A recent amendment to Perlis’ state legislation to allow the conversion of a child by either parent has come under fire by many groups. According to some, the definition of the word “parent” should mean both mother and father. This would mean that article 12(4) of the Federal Constitution would have to be reviewed.
The article in particular uses the singular term parent rather than the plural form “parents”. The absence of one character in this situation means a lot. The implication is not limited to the meaning of the associated term. The effects are far and wide under these circumstances. Try to imagine a scenario where both parents differ on the religion of a child.
How will this dispute be resolved? Will the child grow up as a syncretist? Religious pluralism might be allowed in some religions but it is not tolerated in some others. Would this issue be solved in court? If both parents are required to decide, what would end this dichotomy?
If either parent parts from the child and decides on her religion, then it would be considered as unilateral conversion. How would that child be brought up in such conditions? We have heard a lot of commotion pertaining unilateral conversion to Islam. However, does that mean unilateral conversions to other religions do not happen?

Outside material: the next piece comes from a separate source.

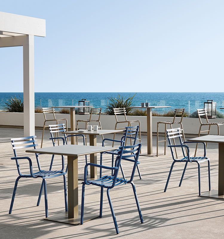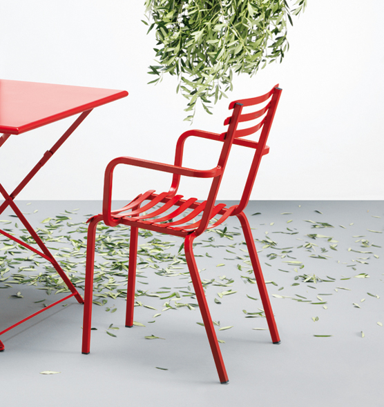 The Flower collection is a line of tables and chairs in which colored metal runs through the bright colors of nature.

What happens in the case of a single parent? As it is, one parent can determine the religion of a child under 18 years of age. Apart from the social issues that arise, there are issues regarding the constitutionality of this amendment. If a state legislation is in contradiction with the Federal Constitution, then the Federal Constitution prevails.
Some groups have condemned the amendment as being unconstitutional but have not been able to provide proof beyond their claims. The tabling of Law Reform (Marriage and Divorce) Act 1976 or otherwise known as Act 164 is yet to happen. Till then, the state assembly has the right to amend laws as they see fit, as long as these set of rules do not contravene the Federal Constitution.